At 06:05 PM 10/12/2008, Nathan Ward wrote:
On 13/10/2008, at 9:53 AM, Stephen Sprunk wrote:
Mikael Abrahamsson wrote:
This brings up an interesting question, should we stop announcing our 6to4 relays outside of Europe? Is there consensus in the business how this should be done? I have heard opinions both ways.
I can understand why some folks would say stop, but unfortunately Europe has the closest public 6to4 relays to the US, and our own providers don't seem to want to put any up. That means 6to4 will break for a great many folks who _are_ trying to use IPv6 (like developers trying to get ahead of the curve and make sure their apps don't break when the transition finally happens) but whose providers haven't clued in yet.
I'm sure I sound like a broken record to some, but whenever I see these comments I feel the need to step up and correct them, until I don't see them anymore.
By far the biggest end users of IPv6 are non-experimenters. Real end users, many of whom do not know what an IP address is.
6to4 is enabled by default in Vista - any Vista machine with a non- RFC1918 address will use 6to4. It is also available in some linksys routers, and is enabled by default in Apple Airport Extreme.

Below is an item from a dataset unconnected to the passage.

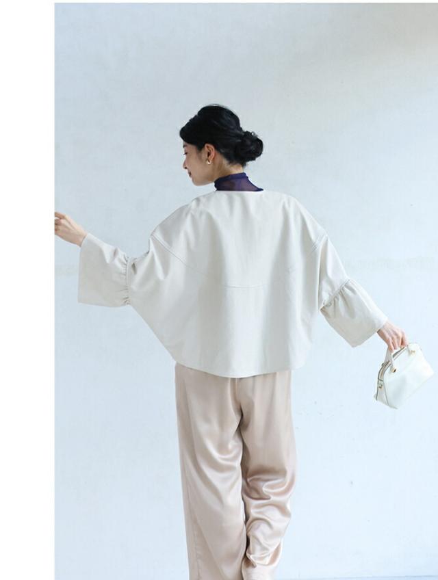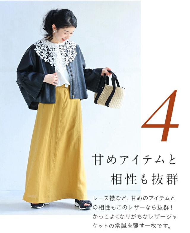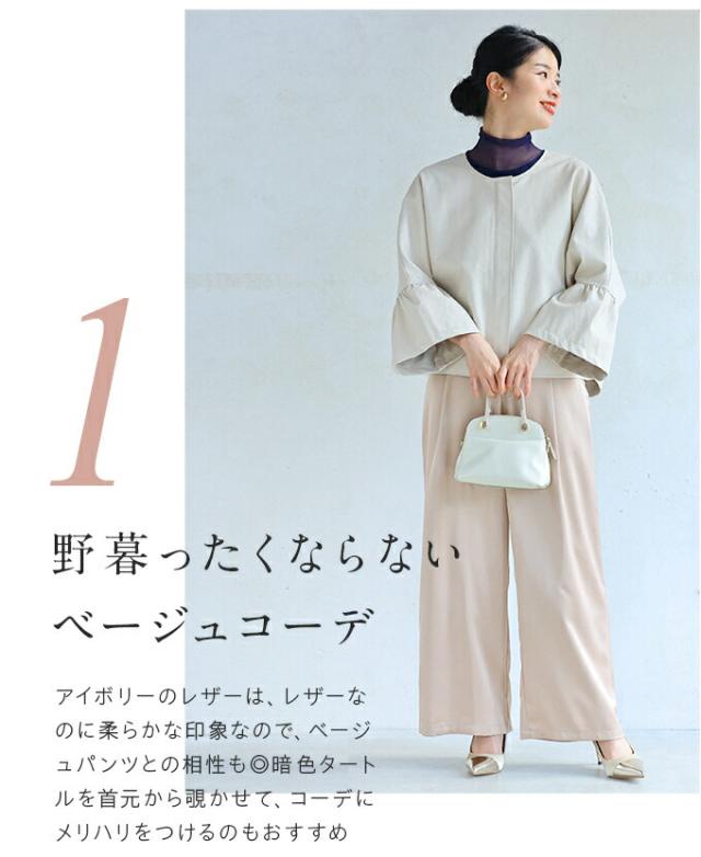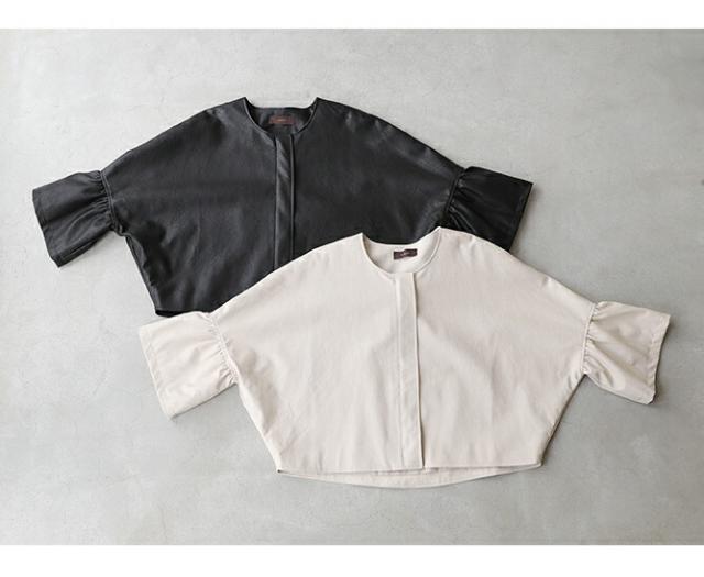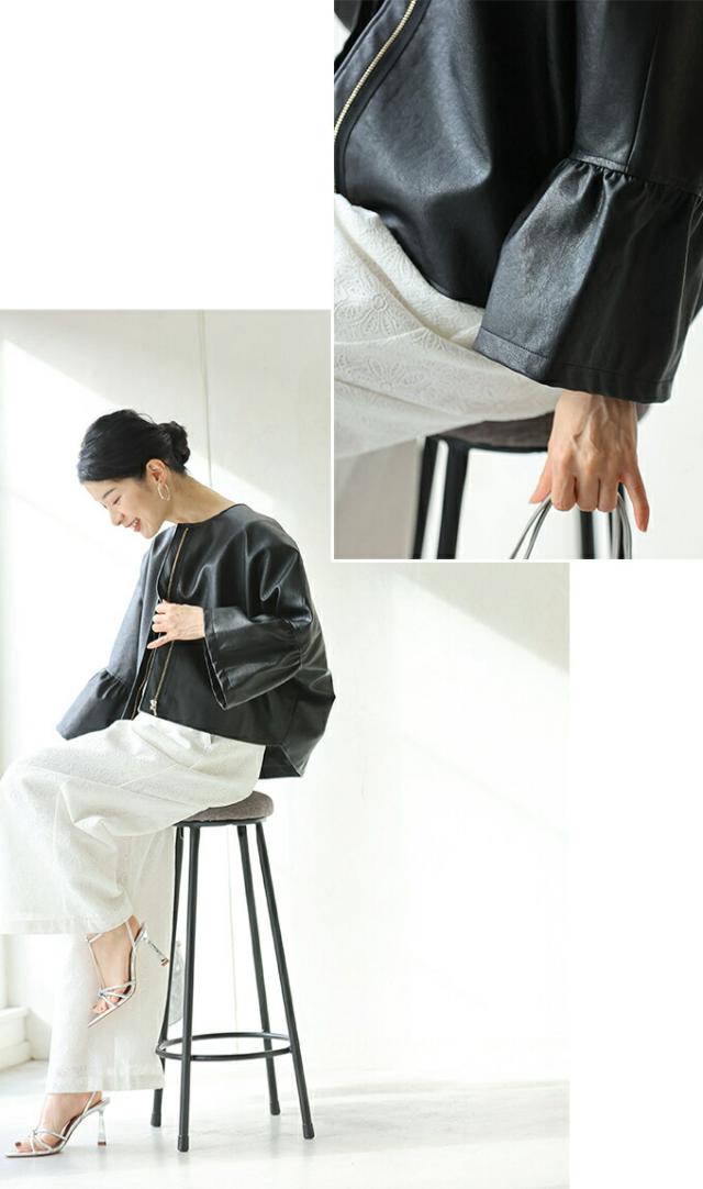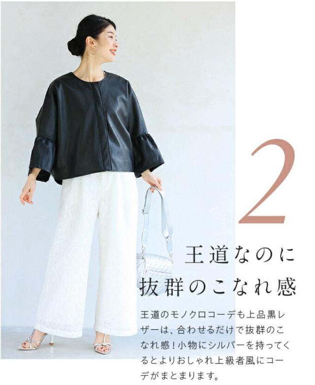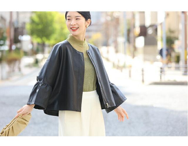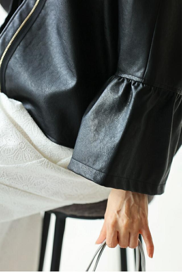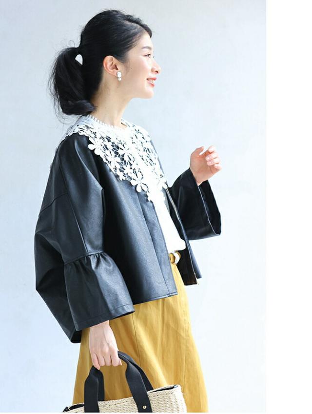 fbk00041od 新作 新着 再入荷 CAWAII FRENCHPAVE フレンチパヴェ エレガント ベーシック カジュアル 可愛い かわいい カワイイ おしゃれ オシャレ お洒落 個性 個性的 定番 ベーシック 大人かわいい 大人可愛い 上品 女性らしい デザイン スタンダード ナチュラル きれいめ キレイめ シンプル フェミニン レディース レディースファッション 大人 ママ ミセス 30代 40代 50代 60代 ハードになりすぎない フリル袖 エコレザー 羽織り 軽アウター ジャケット アイボリー ブラック 黒 黒色 ワンカラー ワントーン 春服 春物 S M L 2L LL XL 3L LLL XXL フリーサイズ フリー 小さめ 小さめサイズ小さい 小さいサイズ 低身長 痩せ ほっそり 小柄 細身 標準サイズ 大きめシルエット 大きい 大きめ ビッグシルエット ぽっちゃり F サイズ自由 日常着 普段着 日常使い ヘビロテ 短め丈 体型カバー

Not to rain on anyone's parade, but it'd be interesting (and difficult, unfortunately) to know how many Vista machines are actually on non-RFC1918 addresses. Corporate users are in many cases staying with XP for a while, but they're more likely to have public space than most. A great many home users have a cheap NAT box that provides RFC1918 addresses. I do wonder whether where the Vista machines on public IPs really are. I also have to wonder if performance is really better when those users are routed over 6to4 in Europe from, say California, or whether they'd actually get better performance if they stuck in a NAT box, resulting in their using IPv4 instead?